München – Die Fußball-WM in Katar war, schon lange bevor der erste Ball gerollt ist, ein Politikum. Die Arbeitsbedingungen im Wüstenstaat sowie die restriktiven Gesetze gegenüber andersdenkenden beziehungsweise -lebenden Menschen wurde immer wieder angeprangert. Da ist die Debatte um die „One Love“-Binde, die derzeit durch den deutschen Medienwald rauscht, nur die Spitze des Eisbergs.

Weil die europäischen Spitzen-Fußballverbände kurzfristig einen Rückzieher gemacht haben, als von der FIFA Konsequenzen beim Tragen der Binde angedroht wurde, hagelte es Kritik. Jüngst beendete sogar der Supermarktriese Rewe die Zusammenarbeit mit dem DFB. Auch prominente Namen äußerten sich zu der Thematik. Moderator Elton hob beispielsweise die mutige Haltung der iranischen Nationalmannschaft hervor und wertete somit die Entscheidung der europäischen Verbände ab. Genauso sah es auch CSU-Chef Markus Söder. Der bekam jedoch nicht so viel virtuellen Applaus wie Elton.
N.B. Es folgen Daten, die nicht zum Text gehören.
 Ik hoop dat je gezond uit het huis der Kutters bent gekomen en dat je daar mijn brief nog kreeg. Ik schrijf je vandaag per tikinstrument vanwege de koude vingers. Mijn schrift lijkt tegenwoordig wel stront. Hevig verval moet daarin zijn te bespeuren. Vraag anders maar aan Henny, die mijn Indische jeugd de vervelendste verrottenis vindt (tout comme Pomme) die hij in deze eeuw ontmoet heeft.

„One Love“-Debatte: Söder ätzt gegen die europäischen Fußballverbände

Aber was war passiert. Ministerpräsident Söder postete am Montagnachmittag, kurz nach dem England-Iran-Spiel, auf Twitter folgendes Statement: „Die #Iraner haben heute bei der WM unglaublich großen Mut gezeigt. Solche Courage stünde auch den europäischen Fußballverbänden gut zu Gesicht. #OneLove.“ Die iranische Nationalmannschaft hatte geschlossen auf das Singen der Nationalhymne verzichtet, um ein auf die Aufstände im eigenen Land hinzuweisen. Eine Haltung, die den Spielern möglicherweise harte Konsequenzen in ihrem Heimatland einbringen könnte. Dagegen wäre ein Punktabzug oder eine Gelbe Karte beim Tragen der „One Love“-Binde nur eine vergleichsweise milde Strafe, impliziert Söder.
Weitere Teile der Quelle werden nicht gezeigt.